If creation is the process, the labour, then the creator themselves is the end product, not the art they produce. The art is proxy, a stand-in for all the growing, learning, and perspective-shifting the creator has gone through during the process of creation. I think perhaps people forget why we create art in the first place. Sure, one aspect is getting eyeballs. But there was always the foil to that, i.e., creating to grow, or for the sake of creation, or to document. I fear, with AI, that the convenience of generation is compromising the other benefits that art truly has for us. Is the Sistine Chapel beautiful only aesthetically, or is its beauty enhanced by Michaelangelo’s labour?
Art has historically been much more than what meets the eye: a means of documenting human experience and perspective, a process of personal growth and discovery. The benefit of AI is in mass production. It might give us more images, but it might also make us poorer in terms of personal growth, cultural understanding, and human connection.
The problem with a lot of common arguments against relegating art creation to AI is that they don't resonate with a society that values output over effort. Nobody wants to take the time to learn a skill—or pay someone who has the skill—if they can generate the result in just 5 minutes and for under 20 dollars. Artists are consumers, but not all consumers are artists, and so they’re perfectly happy with a perfect “on spec” image. People don't want to develop the underlying skills to tackle new challenges, or work through the creative difficulties.
But again, the looming risk of that is that everything starts feeling and looking the same because true breakthroughs often come from deep understanding and novel combinations of knowledge. This has already become pretty obvious in the software world and will slowly creep into art and other creative spaces. The "shortcut" to an aesthetic image ultimately limits our capabilities in ways we might not recognise until it's too late. But because these degradations are gradual and systemic, they're hard to see at the moment. By the time the impacts become obvious, we may have lost something difficult to recover.
Who serves whom?
I want to be clear: this isn't an argument against AI, or against people having fun with new technology. These are tools for humanity, after all, and unbridled joy is a massive part of what makes us human. But what I’m wary of is when tools start shaping us instead of us shaping them. The question isn't whether to use AI or not—it's about understanding what we're gaining, who we’re profiting, and what we might be unconsciously losing in the process. Because once cultural literacy and artistic understanding erode, they're much harder to rebuild than they are to maintain.

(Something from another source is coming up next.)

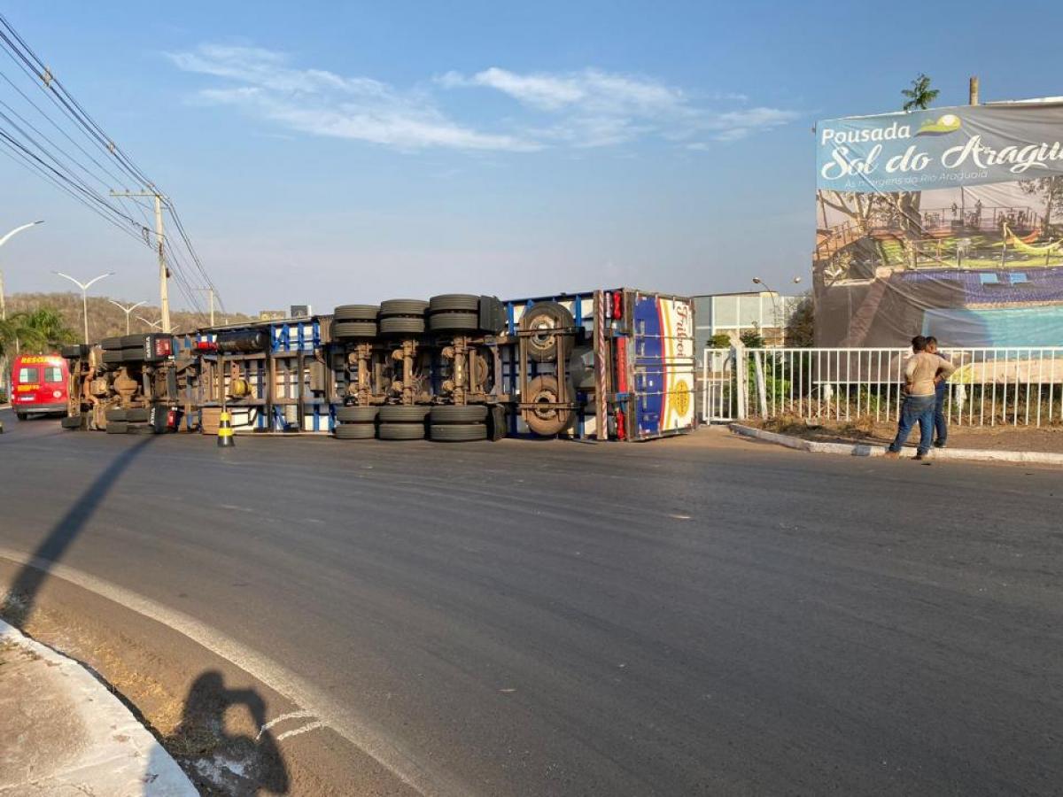 Uma carreta que transportava carne tombou na tarde de segunda-feira (13), em Barra do Garças (509 km a Leste de Cuiabá). O condutor não se feriu e outro veículo foi acionado para recolher o produto.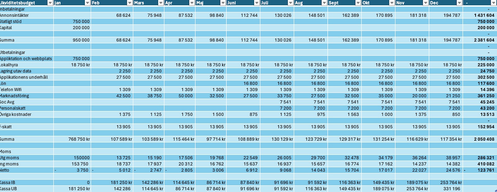 Anledning till att jag satt 750 kkr som inbetalning i likviditetsbudget är att jag antar att man får statliga stödet med momsen (150 kkr) eller ska jag ligga ute med den själv.

We need to examine our own motivations with AI here: are we creating to express something genuine, to document, to grow—or to get attention from strangers on the internet? Is being seen was more important than having something to say?
Perhaps we need to be more precise with our language, and differentiate between "generating" images and "creating" art. The former might produce beautiful outputs, but the latter involves a transformative process that changes both the art and the artist. As Venkatesh Rao notes about writing with AI (and this applies equally to art): AI is great at execution—except for "the very tip of agency which is actually making creative decisions about what's worth creating at all and why, and what to prioritise/ emphasise for a given purpose." This is almost the essence of creation itself.
In the long run, it'll all depend on what we value more: the convenience or the skill.
* the header image is from one of my favourite Studio Ghibli films, Howl's Moving Castle. I even have a tattoo dedicated to Studio Ghibli, because of how their works changed by life for the better.